Sounds of a new season
Posted by Miqe on March 19, 2007
The snow has melted and our forests, yards, fields and anywhere able to hold water are potential habitat for our amphibian friends.In particular — the vocal amphibians — frogs and toads, are ready to start their chanting in our local wetlands and ephemeral ponds.
If you get enough spring peepers together and singing, it may remind you of Christmas time.
Thousands of these nickel-sized frogs all singing together sound like “jingle-bells.”
Isolate one, and it is a singular “peep”, a very loud one for such a small creature.
Scientifically known as Hyla crucifer, an X-shaped cross on its back is partly responsible for its name. It is classified with the tree frogs, however, you’ll nary see one above ankle level.
Spring peepers are found statewide and are very common in nearly every open wetland type.
Put on the rubber boots and take a flashlight with you and walk the edge or even wade in (carefully, of course). Hold the flashlight next to your head, pointing the beam in the direction of sight.
Look for little eyeballs reflecting back at you. You’ll be amazed at how many peepers can fit in such a small area.
Get your glimpse early, because, once the female lays her 1,000-plus eggs, they hunker down, quit vocalizing, and are rarely seen for the rest of the year. They are also one of the few species that can survive the partial freezing of their body fluids.

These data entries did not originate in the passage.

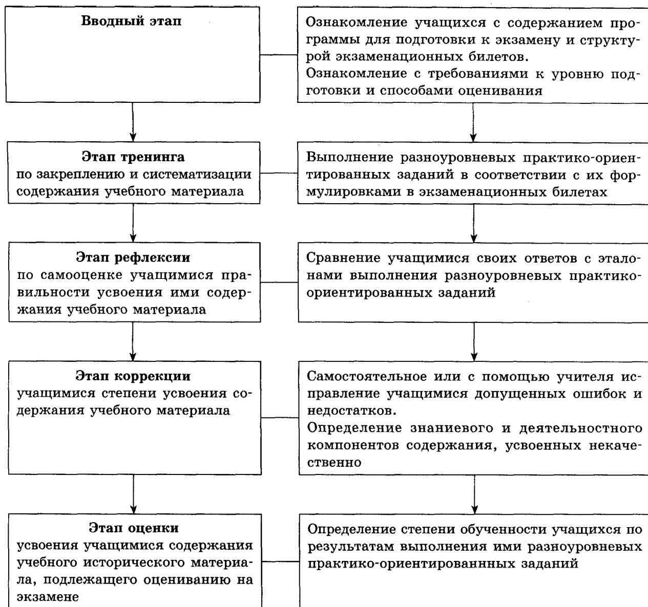
Схема — Алгоритм предэкзаменационной подготовки учащихся

• картографические знания и умения локализовать исторические факты на исторической карте как источнике учебной информации с использованием её «легенды», характеризовать геополитическое положение;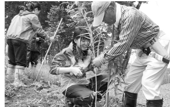
ヤマユリの添え木立てをする参加者

景観保全活動のために来村した東京農業大学の学生と「もりづくり100年委員会」が7月6日、共同で館山公園の管理作業を行いました。同委員会メンバーの指導で、樹木のせん定やヤマユリの添え木立てなどを行い、汗を流しました。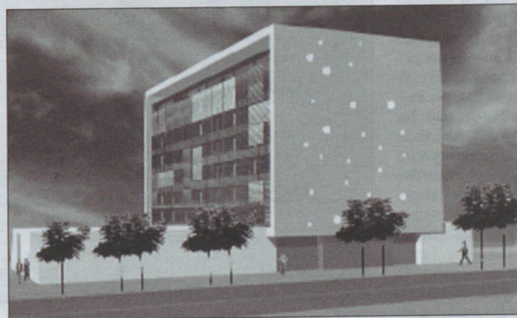
Dos perspectivas diferentes del Palau de Justicia que se empezará a construir a finales de año.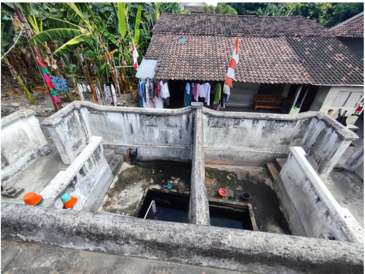
Gambar 3. Sumber Kemuning dilihat dari sisi timur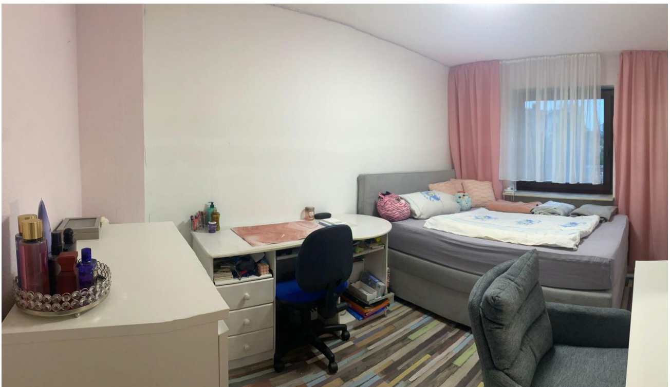
Kinderzimmer im OG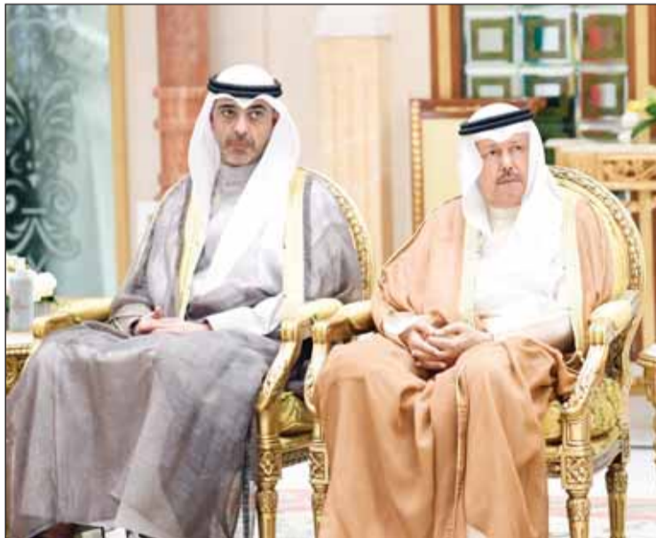
أحمد الفهد والشيخ محمد العبدالله

ووصل سموه إلى مكان الحفل حيث استقبل بكل عناية وترحيب من قبل رئيس مجلس أمناء الجائزة الشبيخة عايدة سالم العلي وأعضاء اللجنة المنظمة العليا، وتفضل سمو الأمير بتدشين النسخة الجديدة من مشروع مؤشر المعلوماتية. وقالت رئيسة مجلس أمناء الجائزة في كلمة ألقاها بالمناسبة: "أقف أمام سموكم اليوم لاستقبال المشهد الحضاري من مولانا في عصر التحويلات وتحقق المعلومات، إذ نجد أنفسنا على شفا تحول كبير تغلغل فيه التكنولوجيا الرقمية فأمدت طفرة هائلة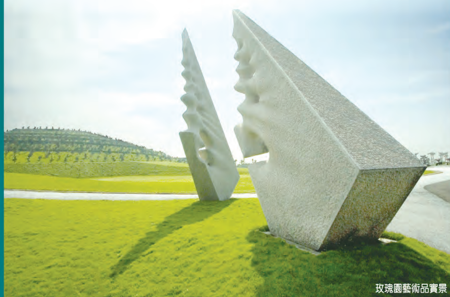
玫瑰園藝術品實景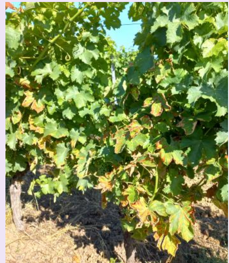
Esca sur Sauvignon, forme lente

De nombreux symptômes sont observés, ils peuvent être sous forme lente ou apoplectique.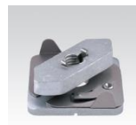
MÜPRO MPC-Schnellbefestiger mit Innengewinde M10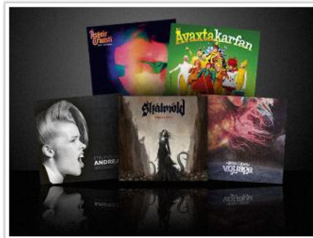
Jólagjöfin í ár er íslensk tónlist

Jólagjöfina í ár er hægt að gefa á ýmsu formi, á geisladisk, á rafrænu formi auk þess sem vinsældir víníplátna hafa einnig verið endurvaktar og tónlist er nú ósjaldan gefin út á því gamla og góða formi.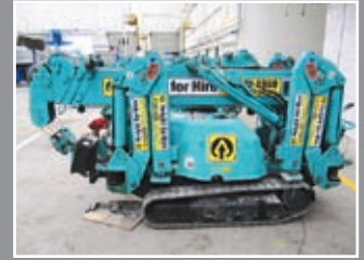
Maeda MC 285 CRM Mini-Kran 8,70m/2,8Tonnen - 2006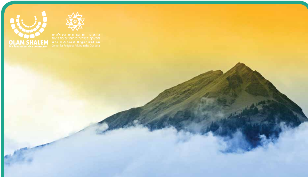
Marom | מרום Le Sommet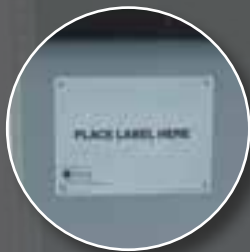
Placard Label Holder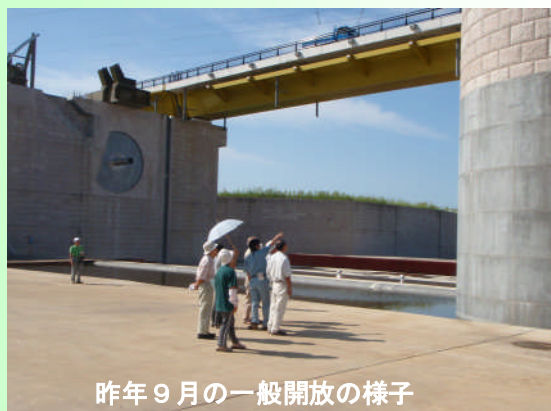
昨年9月の一般開放の様子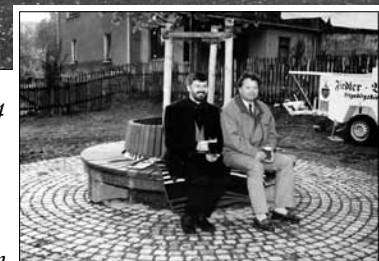
Vor 20 Jahren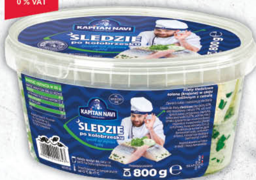
ŚLEDZIE PO KOŁOBRZESKU KAPITAN NAVI 800 g [filet śledziowe rolmops/bismarck 400 g: 7,99/0 % VAT]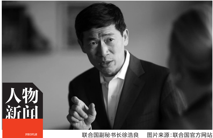
联合国副秘书长徐浩良

当地时间26日,联合国秘书长古特雷斯宣布了一个重要消息,任命来自中国的徐浩良担任联合国副秘书长兼联合国开发计划署协调署署长。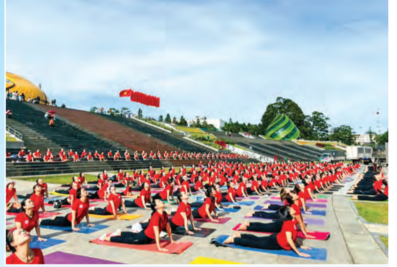
Quảng trường Lâm Viên là địa điểm đồng diễn yoga chào mừng Ngày Quốc tế yoga.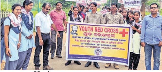
ଶୋଭାଯାତ୍ରାରେ ଶିବିରାଠାଙ୍କ ସମେତ ଅନ୍ୟମାନେ ।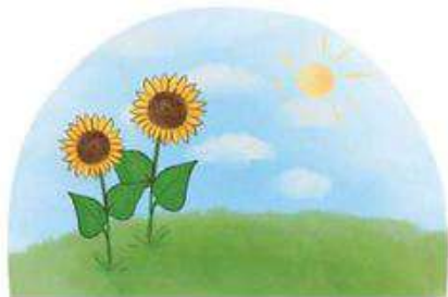
Hintergrund in hinterste Schiene stecken

Welche Figuren kommen zum Einsatz? Was wird erzählt und gespielt?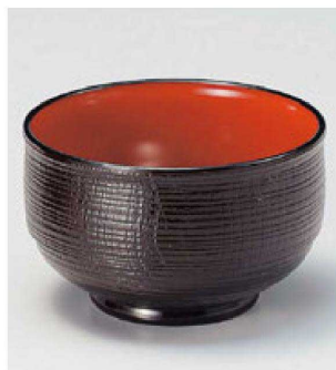
⑩ W-13-55 TA 助六飯椀 新溜内朱塗 ¥1,050 (11.5φ×7.2) 椀200 480cc 114g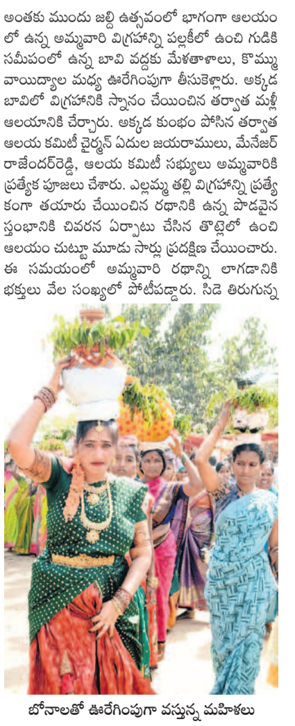
బోనాలతో ఊరేగింపుగా వస్తున్న మహిళలు

బొంబాయి/కొస్గి, మార్చి 1 : పోలేపల్లి ఎల్లమ్మ సిడె ఉత్సవం కనులపండువగా సాగింది. తెలంగాణలో పాటు పక్క రాష్ట్రాల నుంచి భక్తులు వేలాదిగా తరలి రాగా.. వారి సమక్షంలో వేడుక ఆధ్వర్యంలో ఆనంద భరితంగా జరిగింది. విశాఖాబాద్ జిల్లా దుర్గాల మండలంలోని పోలేపల్లి ఎల్లమ్మ జాతర వైభవంగా జరుగుతున్నది. ఉత్సవాల్లో ప్రధాన ముఖ్యమైన సిడె కార్యక్రమం శుక్రవారం సాయంత్రం నయనానందకంగా నిర్వహించారు. ఎల్లమ్మ తల్లి.. మమ్మల్ని చల్లగా చూడమ్మా.. అన్న నామస్మరణ మార్చిగింది. భక్తుల కేరింతలు, జయజయ ధ్వనులు ఓవైపు.. మేళాకాలు, డప్పు చప్పుళ్లు మరో వైపు జాతరకే హైలైట్.. మహిళలు పూసకాలతో ఊగిపోయారు. సాయంత్రం సిడె వేడుక 15 నిమిషాలపాటు శోభాయమానంగా జరిగింది.

A good characteristic to have if you live in a northern climate.
From a distance, you would swear you were hearing a dabble of ducks quacking away on a far-off pond.
Upon further investigation, you’ll see small, brown bobbing frogs scurrying across the water’s surface desperately trying to attract a mate.
About two inches in length, the wood frog is as widespread as the spring peeper but not as common. They will frequent the same habitat in the spring, but migrate into local woodlands to spend their summers foraging for small invertebrates.
Similar in appearance to the wood frog, the chorus frog is about half the size and emits a sound reminiscent of running your thumb down the teeth of a comb.
There are two subspecies of chorus frog, the western and boreal.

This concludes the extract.